KUALA LUMPUR: Banking sectors in Malaysia, Indonesia and Thailand are on the negative sector outlook due to high risks and challenging operating environment across Asean region, said Fitch Ratings.
Singapore, although placed on a stable sector outlook, faced downside risks that have risen over the past year.
The ratings agency described both Indonesia and Malaysia as the most exposed to the negative effects of lower commodity prices in the region although both economies have recovered from the terms-of-trade shock.
"The weaker operating environment could potentially expose vulnerabilities created in Asean's banking systems during the years of rapid credit growth that followed the 2008 global financial crisis." it said.
Credit growth has slowed in most countries over the past two years, although credit/GDP ratios are generally much higher than a decade ago.

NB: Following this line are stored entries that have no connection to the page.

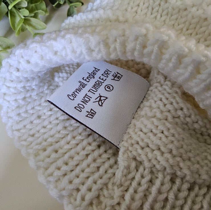 Baby knitwear is designed and hand crafted by Demelza Designs in Cornwall meeting UK baby safety standards, Only branded premuim acylic, acrylic/natural fibre blends or pure natural fibre yarns are used in baby knitwear which conforms to BS984/76 standards.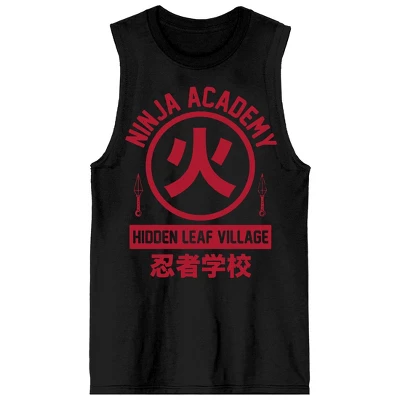 - CUSTOM DESIGN: The Hidden Leaf Village symbol decorate the front of this graphic tank while red letters above the image spell out, “Ninja Academy.” Fans of the Naruto Shippuden anime series will love this fun custom design.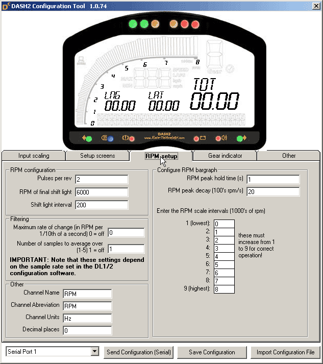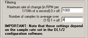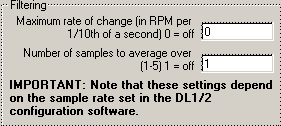 If, however, the values were set to 1,000 and 4, then the maximum rate of change that would be displayed on the DASH2 screen would be 1,000 RPM every 1/10th of a second. The average reading, as taken over every four samples, would also be shown on screen.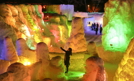 Japonka robi sobie selfie przy kolorowej iluminacji stworzonej na lodowych rzeźbach. Do 21 lutego potrwa w jednym z japońskich miast festiwal lodu. Fot. EPA/KIMIMASA MAYAMA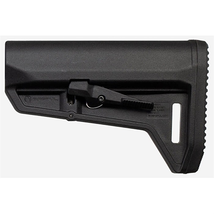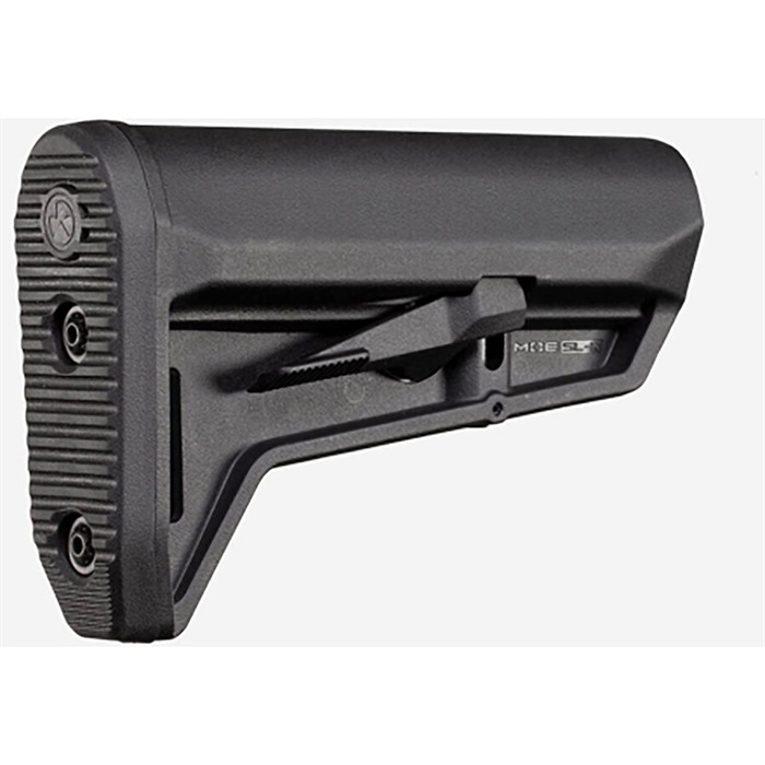 Further developing Magpul's original SL stock, the SL-K is designed for compact PDW-style weapons or users who simply desire a small, light, highly maneuverable stock. Drop-in replacement for M4-type adjustable stocks that fit mil-spec (1.14" O.D.) buffer tubes. It offers a short, slim profile, comfortably sloped cheekweld, a rubber recoil pad with a "rolled" toe for easy shouldering and better fit when wearing body armor. Built-in 1.25" sling loop, and also accepts Magpul ASAP® and M-LOK QD Sling Mount (available separately) for pushbutton QD sling swivels. Ambidextrous latch enables easy extension/retraction of stock, plus it minimizes rattle on the receiver extension without requiring additional locks, levers, or springs. Latch made of steel, too, so it won't fail under hard use.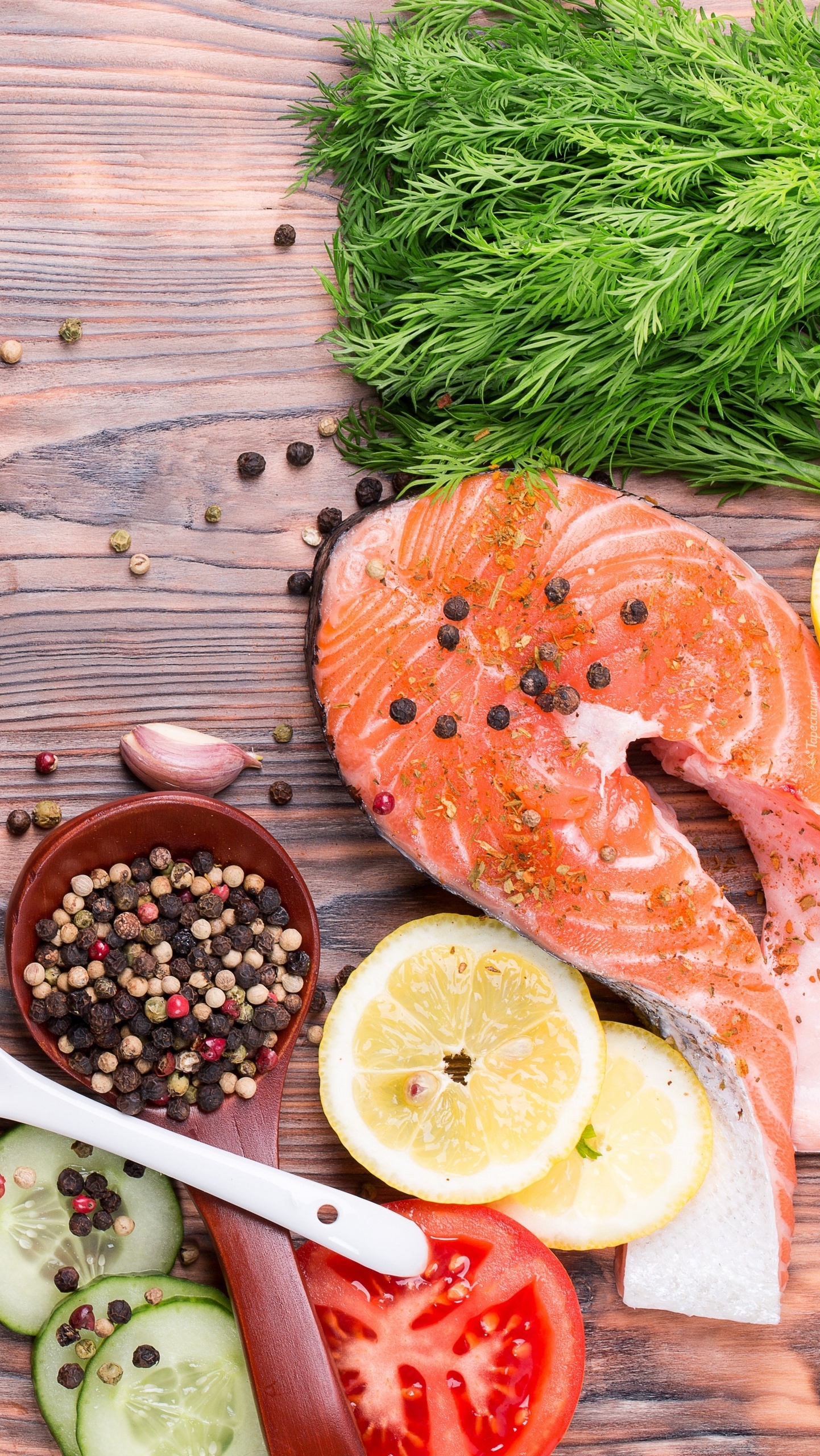 Edytor tapety: Łosoś obok warzyw

Household debt has risen particularly strongly in Malaysia, Thailand and Singapore.
In Thailand, GDP growth has been held back by rapid population ageing and declining export competitiveness.
"Nevertheless, the major banks in all of these economies look resilient and remain on a stable rating outlook, owing to satisfactory profitability and strong loss-absorption capacity." it added.

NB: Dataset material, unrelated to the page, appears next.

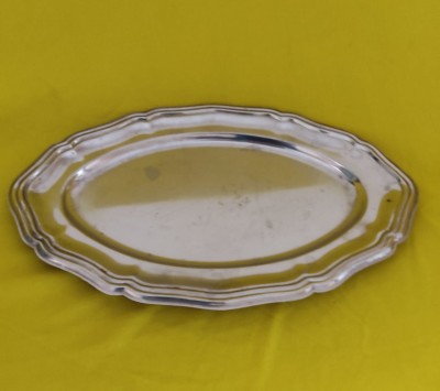 TRAVESSA OVAL EM INOX COM BORDAS EM ALTO RELEVO 35,5 X 22 CM - LEVES RISCOS.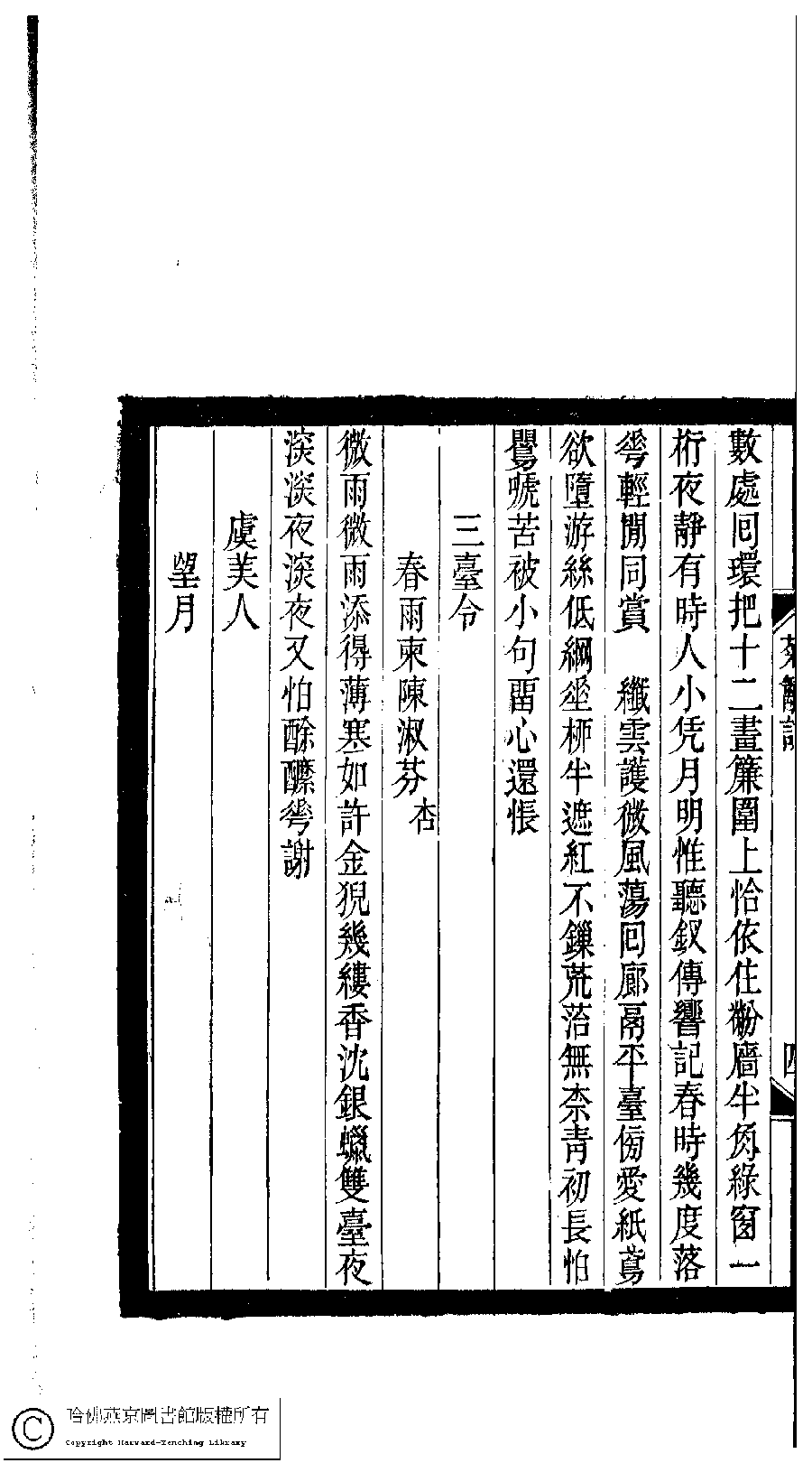 | Appears in: Xiao tan luan shi hui ke gui xiu ci: 10 ji 100 zhong 100 juan (edited by Xu Naichang, Qing dynasty): Ju li ci: 1 juan |

Prolonged economic weakness in any of these economies could cause a reassessment of our bank ratings, warned Fitch.
Buffers are much thinner in Vietnam, where banks have the lowest ratings among those that were assessed due to the legacy problem assets and also face structural problems.

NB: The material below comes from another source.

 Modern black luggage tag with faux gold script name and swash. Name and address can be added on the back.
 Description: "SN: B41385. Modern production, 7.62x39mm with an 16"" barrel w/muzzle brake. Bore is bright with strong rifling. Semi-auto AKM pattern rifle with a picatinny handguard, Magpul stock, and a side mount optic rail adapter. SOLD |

Fitch Ratings described the operating environment as challenging for banks across the region over the last few years – due to slower global GDP growth, weak world trade, currency depreciation and drop in commodity prices - while risks also stemmed from a sharp rise in debt during the last decade.
Non-performing loans are expected to rise in 2016 in most of the banking sectors.
In most countries banks have adequate loss-absorption buffers that should support their ratings, says Fitch Ratings.